The first category of hardware that you’re going to need is the Raspberry Pi and all of its accessories. The Pi itself is easy to order, but you may not realize that you’ll need some other stuff to get going. The most important thing is a mini SD card that will function as the Pi’s hard drive. It doesn’t come with one on board. Also important is a power supply for the Pi, but you can use any Android phone charger interchangeably. I’ve bought an extra one for each Pi I have because it’s rather annoying to have to cannibalize one of my phone chargers. You might also want to get a HDMI or DVI adapter if you plan to plug the Pi into a monitor while you work with it, assuming your monitor doesn’t have an HDMI port. The Pi’s only video output is HDMI. Also, bear in mind that the Pi is going to need to be on your local network. I’m assuming for the purposes here that you’ll be using a network cable and do not plan to cover getting wireless networking up and running on the Pi. The course was not specifically about the Pi, per se. For a deeper dive into its capabilities, you should check out Jon Flanders course, “Raspberry Pi for Developers.

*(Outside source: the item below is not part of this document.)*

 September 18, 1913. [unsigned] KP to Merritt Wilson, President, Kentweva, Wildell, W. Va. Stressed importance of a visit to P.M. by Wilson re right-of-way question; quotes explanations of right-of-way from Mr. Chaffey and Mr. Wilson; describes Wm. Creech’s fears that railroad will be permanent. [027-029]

Now for the X10 equipment. The first thing that you’re going to order is a part that is a wireless transceiver as well as an interface to a computer. To do this, it makes use of a USB cord. The reason I’ve chosen this particular unit is because there is a readily available driver for it and also because the Pi only has a USB connection and not the serial connection that other X10 computer interfaces use. I should note here that we will not, for the purposes of the course, be going the historical X10 route and sending signals over the home electrical. Here, everything will be wireless RF. And this particular part is going to receive signals that you send it from the Pi and transmit them to the other part that I’m about to cover.

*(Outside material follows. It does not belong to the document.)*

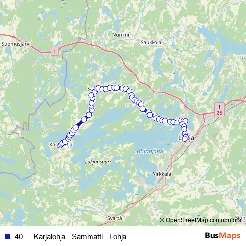 See why over 2 million users trust and consider busmaps.com as the best public transport website. busmaps gives you Lohja Buses suggested routes, real-time bus tracker, line route maps in Lohja, and helps to find the closest 40 bus stops near you. No internet available? Download an offline PDF map and bus schedule for the 40 bus to take on your trip.
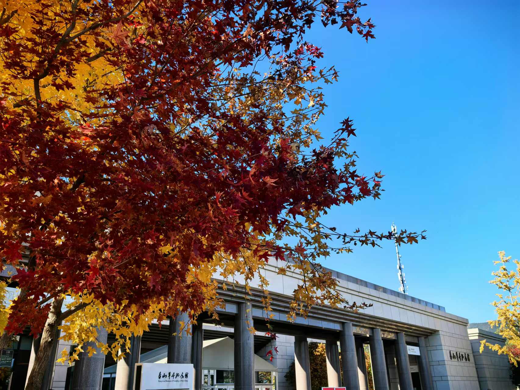 香山的秋,是红叶装点的革命画卷。香山革命纪念馆坐落于山脚下,漫山红叶如烽火漫卷、似赤霞流丹,每一片红叶都是岁月的信笺,铭记着那段“赶考”的峥嵘岁月。风吹叶动,仿佛历史的回响在耳边轻语。

The other X10 component that you’re going to need is a regular transceiver module, which, strangely, is around the same price as the computer interface transceiver. You are going to plug a lamp into this transceiver and it is going to receive the signals from the CM19A and turn its lamp on and off accordingly.

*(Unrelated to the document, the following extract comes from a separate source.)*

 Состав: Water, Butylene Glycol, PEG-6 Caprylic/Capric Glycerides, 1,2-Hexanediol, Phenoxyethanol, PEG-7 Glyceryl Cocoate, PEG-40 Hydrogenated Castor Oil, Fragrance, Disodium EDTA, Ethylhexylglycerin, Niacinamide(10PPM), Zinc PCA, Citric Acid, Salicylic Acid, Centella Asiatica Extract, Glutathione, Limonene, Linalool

If you have none of these parts, the entire setup should cost you around $100. If that seems a bit steep to automate turning a single lamp on and off, take some comfort in the fact that most of this is a one time entry fee, so to speak, for home automation. From here forward, you can simply buy a single module for $20 or even less to automate additional lights or appliances.

Over the coming months, I will have additional posts going through more of the script from the course and talking about home automation. But if you want to get started quickly and have a Pluralsight subscription, the course will be a much faster route to go. And, again, if you don’t have a subscription but want to check out the course, then email me and I’ll send you a 7 day trial so that you can check out my course and any others you want. Happy automating!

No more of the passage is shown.